Трое приятелей остановились. Вскоре Профейн увидел Люсиль, отплясывающую в середине зала с подростком, смахивающим на главаря бандитской шайки. Из-за его плеча она показала Профейну язык; Профейн отвернулся.
– Не нравится мне это, – услышал он чей-то голос – Слишком много шума. Закинем в Центральный парк; может, кто-нибудь свистнет.
Профейн покосился влево. Там была гардеробная или примерочная. Ряд крючков, на которых аккуратно, единообразно и симметрично висели плечики с двумя дюжинами черных вельветовых курток, а на спинах у них были красные буковки. Динь-дон, подумал Профейн; страна Плэйбоев.
Ангел и Джеронимо смотрели в ту же сторону.
– Может, лучше пойдем? – предложил Ангел.
Но тут Люсиль поманила Профейна к двери в противоположном конце танцзала.
– Погодите, – сказал Профейн. И пошел плутать между танцующими парами. Никто не обращал на него внимания.

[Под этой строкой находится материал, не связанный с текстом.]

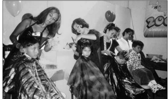
More haircuts for boys and girls.
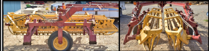
2008 New Holland 216 Rake ..... $10,900
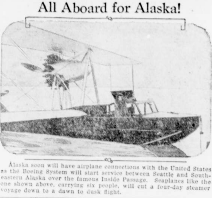
Alaska soon will have airplane connections with the United States as the Boeing System will start service between Seattle and South-eastern Alaska over the famous Inside Passage.

Alaska soon will have airplane connections with the United States as the Boeing System will start service between Seattle and South-eastern Alaska over the famous Inside Passage. Seaplanes like the one shown above, carrying six people, will cut a four-day steamer voyage down to a dawn to dusk flight.
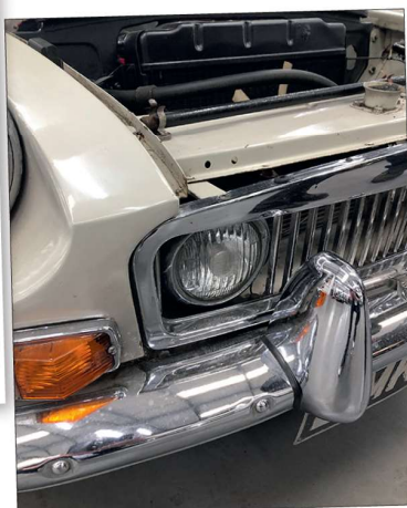
Auxiliary lights are set into grille
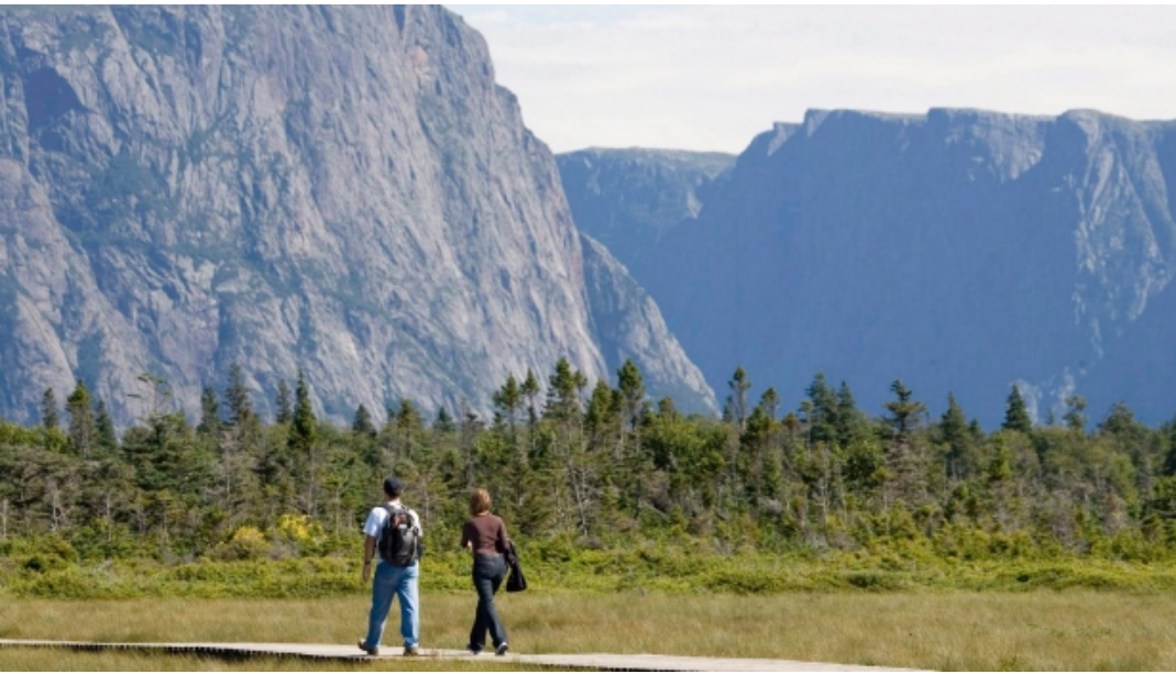
A couple walk along a boardwalk on their way to Western Brook Pond in Gros Morne, N.L., in an August 14, 2007, file photo.

– Ну где тебя носило? – Она взяла его за руку. В комнате было темно. Профейн наткнулся на бильярдный стол. – Здесь, – шепнула Люсиль. И разлеглась на зеленом сукне. Угловые лузы, боковые лузы и Люсиль.
– Могу рассказать одну забавную историю, – начат Профейн.
– Все уже рассказано, – прошептала Люсиль.
В тусклом свете, пробивавшемся из-за двери, ее глаза сливались с зеленым сукном. Профейн словно смотрел сквозь нее на поверхность стола. Юбка задрана, рот открыт, зубы белые, острые, готовые цапнуть Профейна за что угодно, как только он окажется в пределах досягаемости, – да она и впрямь его заманила. Профейн расстегнул ширинку и полез на стол.
Внезапно из соседней комнаты послышался крик, резко замолчал музыкальный автомат, потух свет.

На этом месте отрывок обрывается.